A program code to print the results of confusion matrix, overall accuracy, producers accuracy, consumers accuracy, and kappa.

How is the classification accuracy? Which classes have higher accuracy compared to the others? Can you think of any reasons why? (Hint: Check where the errors in these classes are in the confusion matrix—i.e., being committed and omitted.)

Code Checkpoint F22a. The book’s repository contains a script that shows what your code should look like at this point.

2.2 Hyperparameter Tuning

We can also assess how the number of trees in the Random Forest classifier affects the classification accuracy. Copy and paste the code below to create a function that charts the overall accuracy versus the number of trees used. The code tests from 5 to 100 trees at increments of 5, producing Fig. 7.2. (Do not worry too much about fully understanding each item at this stage of your learning. If you want to find out how these operations work, you can see more in Chaps. 12 and 13).

A program code for hyperparameter tuning uses various functions to find the class, classification, number of trees, accuracy, and accuracy per number of trees.
Fig. 7.2
A dot plot of accuracy versus the number of trees. The plots are in an increasing trend. Some of the estimated plot values are as follows. (5, 0.84), (15, 0.87), (25, 0.86), (35, 0.87), (50, 0.88), (55, 0.89), (65, 0.89), (75, 0.92), (85, 0.92), and (100, 0.91).

Chart showing accuracy per number of random forest trees

Code Checkpoint F22b. The book’s repository contains a script that shows what your code should look like at this point.

2.3 Spatial Autocorrelation

We might also want to ensure that the samples from the training set are uncorrelated with the samples from the testing set. This might result from the spatial autocorrelation of the phenomenon being predicted. One way to exclude samples that might be correlated in this manner is to remove samples that are within some distance to any other sample.
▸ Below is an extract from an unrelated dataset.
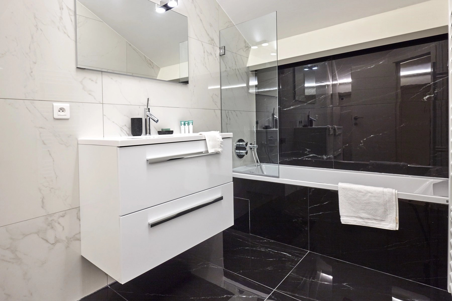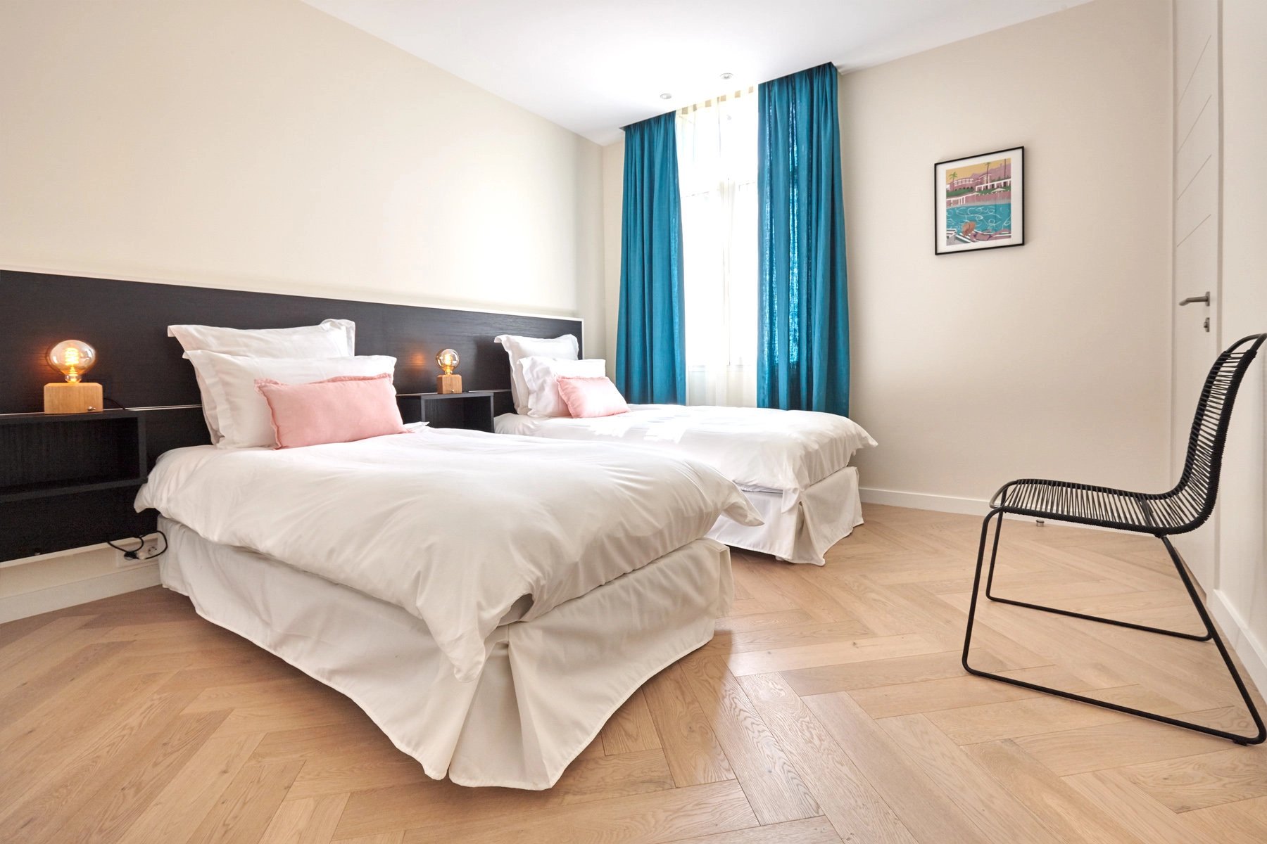 Grand duplex de 5 pièces d'environ 125 m2 situé au 3ème étage composé en bas d'une entrée, un salon séjour, une cuisine équipée, wc invités, couloir, une partie nuit avec wc, 2 chambres avec dressing et chacune sa salle de douche. Climatisé, internet, machine à laver séchante, lave vaisselle, TV en haut: une grande chambre avec dressing et salle de bain/wc

In Earth Engine, this can be accomplished with a spatial join. The following Code Checkpoint replicates Sect. 7.2.1 but with a spatial join that excludes training points that are less than 1000 m distant from testing points.

Code Checkpoint F22c. The book’s repository contains a script that shows what your code should look like at this point.

3 Synthesis

Assignment 1. Based on Sect. 7.2.1, test other classifiers (e.g., a Classification and Regression Tree or Support Vector Machine classifier) and compare the accuracy results with the Random Forest results. Which model performs better?
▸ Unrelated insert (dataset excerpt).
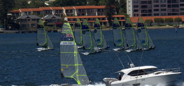 Sixteen boats competed in the event, eight 49ers and eight FX. The fleet was a mix of local teams, eastern state teams, one New Zealand team and two Singaporean teams. The fleet had only days earlier competed in the Australian Championships off Fremantle in often very windy conditions. The flat water of the Swan River was a welcome relief for all sailors. At the start of the regatta the fleet was again greeted by strong seabreezes. It was a very different race course compared to the Australian titles with much more passing lanes. During racing it was always possible to attack the boat in front while still being mindful of protecting the boat behind. This made the 20 minute courses very tactical with tight racing in both fleets.

Assignment 2. Try setting a different seed in the randomColumn method and see how that affects the accuracy results. You can also change the split between the training and testing sets (e.g., 70/30 or 60/40).

4 Conclusion

You should now understand how to calculate how well your classifier is performing on the data used to build the model. This is a useful way to understand how a classifier is performing, because it can help indicate which classes are performing better than others. A poorly modeled class can sometimes be improved by, for example, collecting more training points for that class.
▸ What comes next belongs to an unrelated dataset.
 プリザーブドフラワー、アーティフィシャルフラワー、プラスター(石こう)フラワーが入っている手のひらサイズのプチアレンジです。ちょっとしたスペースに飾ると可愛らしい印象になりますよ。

Nevertheless, a model may work well on training data but work poorly in locations randomly chosen in the study area. To understand a model’s behavior on testing data, analysts employ protocols required to produce scientifically rigorous and transparent estimates of the accuracy and area of each class in the study region. We will not explore those practices in this chapter, but if you are interested, there are tutorials and papers available online that can guide you through the process. Links to some of those tutorials can be found in the “For Further Reading” section of this book.